Julia hat das Gespräch über Charles Darwin großen Spaß gemacht. Genau so schön fand sie es aber auch, über eine riesig hohe Mauer zu klettern. „Das Beste ist aber, dass einem hier nicht gesagt wird, was man glauben soll – man soll einfach etwas glauben und dann dabei bleiben.“
Ein von Religion ungetrübtes Ferienlagererlebnis
Das erste Camp Quest fand 1996 in den USA statt. Mit Unterstützung der Richard-Dawwkins-Foundation wurde dann Camp Quest UK ins Leben gerufen, um den Kindern von „Atheisten, Agnostikern, Humanisten, Freidenkern und all denjenigen, die eine naturalistische einer übernatürlichen Weltanschauung vorziehen“ ein von Religion ungetrübtes Ferienlagererlebnis zu bieten.
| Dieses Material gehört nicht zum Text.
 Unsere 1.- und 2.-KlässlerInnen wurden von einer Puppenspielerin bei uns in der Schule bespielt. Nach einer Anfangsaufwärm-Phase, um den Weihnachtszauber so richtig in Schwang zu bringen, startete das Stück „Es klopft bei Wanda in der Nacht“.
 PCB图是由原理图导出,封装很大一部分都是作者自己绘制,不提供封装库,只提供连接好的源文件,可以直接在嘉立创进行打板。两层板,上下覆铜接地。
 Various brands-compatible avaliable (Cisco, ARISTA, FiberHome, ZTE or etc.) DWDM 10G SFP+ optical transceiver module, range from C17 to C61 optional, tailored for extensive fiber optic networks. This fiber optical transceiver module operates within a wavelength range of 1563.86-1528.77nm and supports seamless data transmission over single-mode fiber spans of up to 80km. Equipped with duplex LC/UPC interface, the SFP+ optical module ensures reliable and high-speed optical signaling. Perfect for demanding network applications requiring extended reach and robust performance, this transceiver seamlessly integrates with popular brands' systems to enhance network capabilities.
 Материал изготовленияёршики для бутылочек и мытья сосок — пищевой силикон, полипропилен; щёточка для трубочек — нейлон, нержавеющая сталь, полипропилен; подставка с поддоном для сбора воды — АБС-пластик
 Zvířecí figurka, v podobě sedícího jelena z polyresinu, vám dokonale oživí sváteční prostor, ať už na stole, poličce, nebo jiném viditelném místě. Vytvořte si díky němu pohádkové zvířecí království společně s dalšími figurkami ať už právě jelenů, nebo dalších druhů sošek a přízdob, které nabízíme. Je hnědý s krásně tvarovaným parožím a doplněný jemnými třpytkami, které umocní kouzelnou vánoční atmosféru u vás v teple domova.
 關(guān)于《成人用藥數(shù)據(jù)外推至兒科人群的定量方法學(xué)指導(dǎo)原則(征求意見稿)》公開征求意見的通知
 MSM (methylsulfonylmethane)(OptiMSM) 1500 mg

Dreiundzwanzig Kinder im Alter von sechs/sieben aufwärts (das Alter des jüngsten Kindes ist umstritten: die Organisatoren meinen sieben – der kleine Leroy beharrt aber darauf, er sei sechs) sind beim Matsch- und Denkfest in Somerset dabei.
An diesem Morgen war als erstes Philosophie dran. Ausgangspunkt der Stunde war Hans Christian Andersens Geschichte über Des Kaisers neue Kleider. Dianna Moylan, eine 67-jährige Lehrerin, Scheunentanz-Musikerin und „erfolgreiche Künstlerin – nicht gescheiterte Christin“, trägt das Märchen vor und teilt die Kinder dann in Gruppen ein, wo sie über die Geschichte sprechen und sich dann philosophische Fragen dazu überlegen sollen.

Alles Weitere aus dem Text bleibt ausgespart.